§ **Work task**:
If pictures appear in the lines below, skip them and copy exactly the lines from the one containing "The kit features" through the one containing "خاطبت الاكاديمية المهنية", and nothing else.

§ **Data for this task**:

[Start of Attachment]

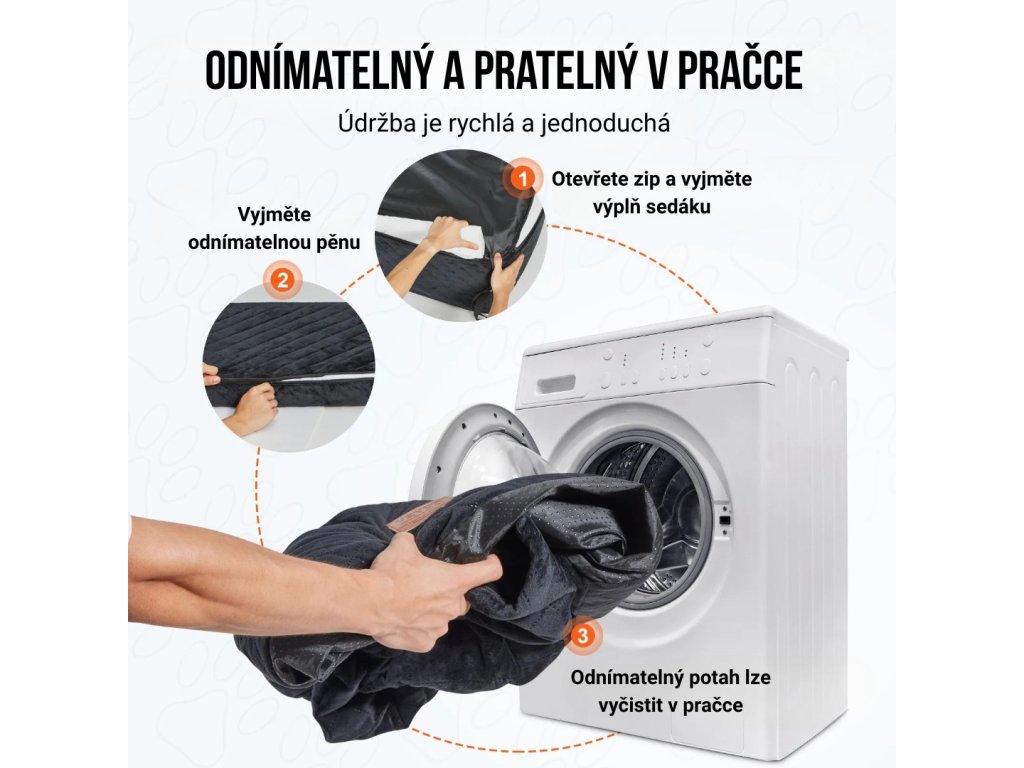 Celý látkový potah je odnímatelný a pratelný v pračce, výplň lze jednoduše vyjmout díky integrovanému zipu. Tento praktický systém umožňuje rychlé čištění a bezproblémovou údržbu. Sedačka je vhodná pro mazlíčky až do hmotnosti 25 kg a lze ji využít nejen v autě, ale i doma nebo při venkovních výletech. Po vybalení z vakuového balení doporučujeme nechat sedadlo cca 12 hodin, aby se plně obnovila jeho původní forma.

[End of Attachment]
[Start of Attachment]

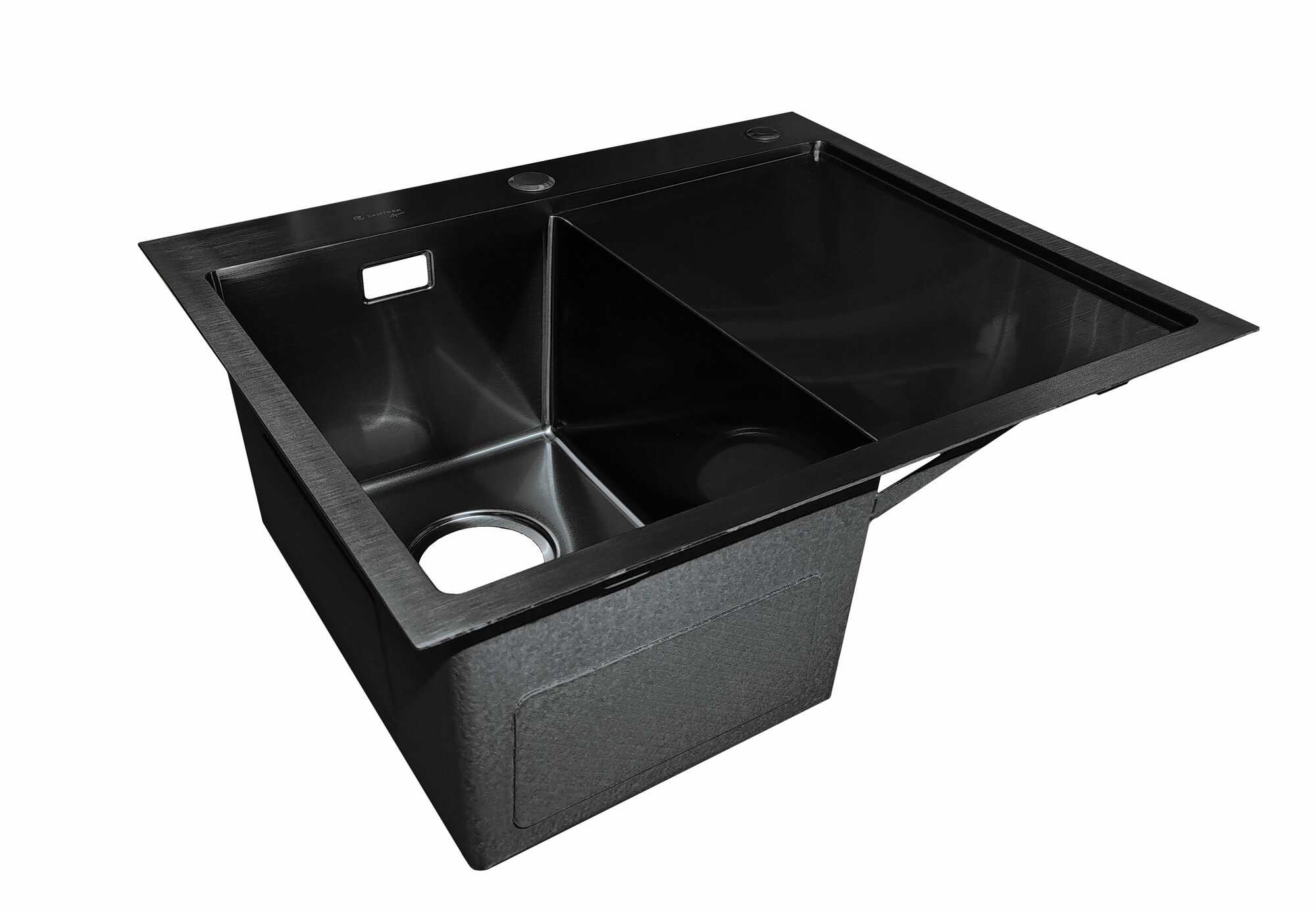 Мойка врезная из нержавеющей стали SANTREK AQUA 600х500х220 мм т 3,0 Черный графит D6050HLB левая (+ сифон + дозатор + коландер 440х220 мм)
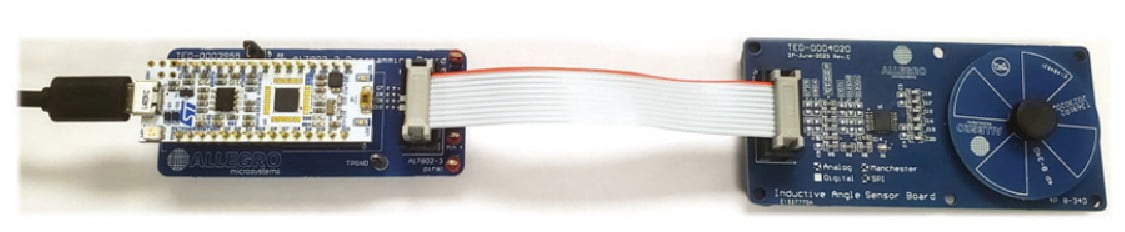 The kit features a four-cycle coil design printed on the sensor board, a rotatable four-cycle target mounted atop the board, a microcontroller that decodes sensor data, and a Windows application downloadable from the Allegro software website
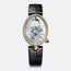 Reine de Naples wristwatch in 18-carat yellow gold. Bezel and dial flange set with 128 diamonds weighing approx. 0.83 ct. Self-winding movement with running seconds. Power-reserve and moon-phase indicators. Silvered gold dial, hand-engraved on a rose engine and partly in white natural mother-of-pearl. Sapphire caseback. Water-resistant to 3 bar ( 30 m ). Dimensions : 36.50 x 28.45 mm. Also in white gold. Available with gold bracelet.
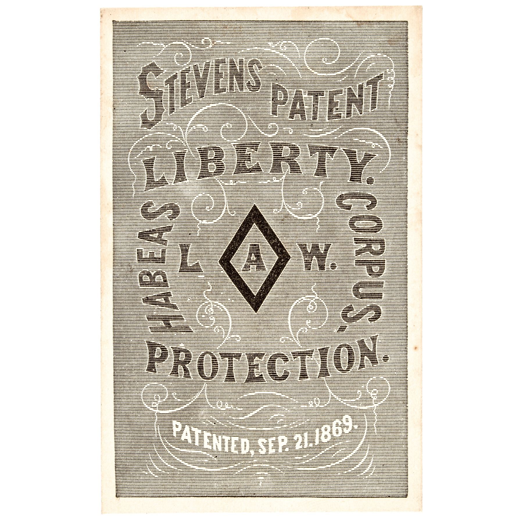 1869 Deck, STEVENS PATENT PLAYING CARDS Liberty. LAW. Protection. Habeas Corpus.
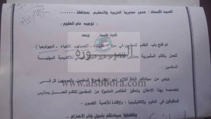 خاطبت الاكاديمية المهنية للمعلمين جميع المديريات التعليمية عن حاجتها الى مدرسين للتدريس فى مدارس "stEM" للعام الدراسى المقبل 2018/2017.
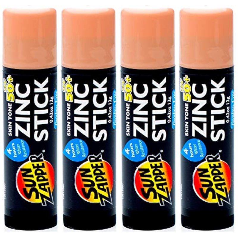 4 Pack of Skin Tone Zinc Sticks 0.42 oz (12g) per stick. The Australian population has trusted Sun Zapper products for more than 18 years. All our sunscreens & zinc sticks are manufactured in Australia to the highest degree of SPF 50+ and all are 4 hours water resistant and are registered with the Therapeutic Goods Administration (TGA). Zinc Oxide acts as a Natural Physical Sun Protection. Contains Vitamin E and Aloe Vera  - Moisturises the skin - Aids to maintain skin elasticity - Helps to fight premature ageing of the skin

[End of Attachment]

§ **Response area**:
 The kit features a four-cycle coil design printed on the sensor board, a rotatable four-cycle target mounted atop the board, a microcontroller that decodes sensor data, and a Windows application downloadable from the Allegro software website
 Reine de Naples wristwatch in 18-carat yellow gold. Bezel and dial flange set with 128 diamonds weighing approx. 0.83 ct. Self-winding movement with running seconds. Power-reserve and moon-phase indicators. Silvered gold dial, hand-engraved on a rose engine and partly in white natural mother-of-pearl. Sapphire caseback. Water-resistant to 3 bar ( 30 m ). Dimensions : 36.50 x 28.45 mm. Also in white gold. Available with gold bracelet.
 1869 Deck, STEVENS PATENT PLAYING CARDS Liberty. LAW. Protection. Habeas Corpus.
 خاطبت الاكاديمية المهنية للمعلمين جميع المديريات التعليمية عن حاجتها الى مدرسين للتدريس فى مدارس "stEM" للعام الدراسى المقبل 2018/2017.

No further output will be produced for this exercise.